◆ EXERCISE DATA ◆
#####

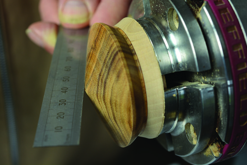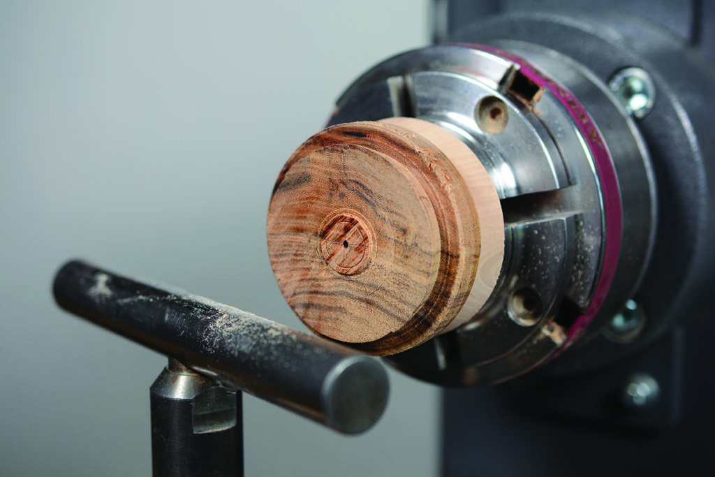 The second project is a trinket box lid inspired by my favourite and constant inspiration woodturning book Turned Boxes 50 Designs by Chris Stott. The woods used are beech (Fagus sylvatica) for the base, and for the lid, West African pao rosa (Swartzia fistoloides) topped with an ebony (Dispyrus crassiflora) finial. I turned, sanded and finished the lid exactly the same as the first project. I also drilled a 12mm hole to house the finial, which also doubles as a ‘jam chuck’, enabling the underside to be completed.
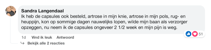 "Nadat ik MSM had geprobeerd, wat helaas niet werkte, probeerde ik deze formule. Het duurde even en het was ongebruikelijk voor mij om 3-6 capsules per dag te nemen, maar de resultaten spreken voor zich. Ik heb het product nu nog een keer besteld. Ik heb ook een keer geprobeerd om te stoppen met de capsules. De pijn kwam meteen terug. Dus dat betekent dat ik deze capsules permanent zal blijven innemen. Ik ben zeer tevreden. Ik heb vooraf van alles geprobeerd en niets hielp. Ik ben niet helemaal pijnvrij, maar het gaat zeker veel beter dan voorheen en ik heb geen bijwerkingen." - Olga D.
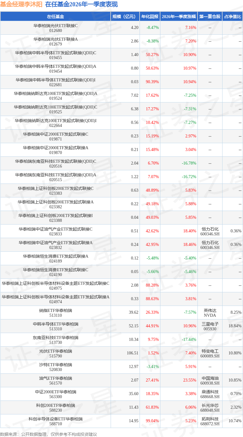 证券之星消息,日前华泰柏瑞中证油气产业ETF发起式联接C基金公布一季报,2026年一季度最新规模0.51亿元,季度净值涨幅为18.4%。

#####

◆ WORK INSTRUCTIONS ◆
Please keep every line of the data the same when you reproduce it, and keep every picture out.

◆ PROBLEM SOLUTION ◆
 The second project is a trinket box lid inspired by my favourite and constant inspiration woodturning book Turned Boxes 50 Designs by Chris Stott. The woods used are beech (Fagus sylvatica) for the base, and for the lid, West African pao rosa (Swartzia fistoloides) topped with an ebony (Dispyrus crassiflora) finial. I turned, sanded and finished the lid exactly the same as the first project. I also drilled a 12mm hole to house the finial, which also doubles as a ‘jam chuck’, enabling the underside to be completed.
 "Nadat ik MSM had geprobeerd, wat helaas niet werkte, probeerde ik deze formule. Het duurde even en het was ongebruikelijk voor mij om 3-6 capsules per dag te nemen, maar de resultaten spreken voor zich. Ik heb het product nu nog een keer besteld. Ik heb ook een keer geprobeerd om te stoppen met de capsules. De pijn kwam meteen terug. Dus dat betekent dat ik deze capsules permanent zal blijven innemen. Ik ben zeer tevreden. Ik heb vooraf van alles geprobeerd en niets hielp. Ik ben niet helemaal pijnvrij, maar het gaat zeker veel beter dan voorheen en ik heb geen bijwerkingen." - Olga D.
 证券之星消息,日前华泰柏瑞中证油气产业ETF发起式联接C基金公布一季报,2026年一季度最新规模0.51亿元,季度净值涨幅为18.4%。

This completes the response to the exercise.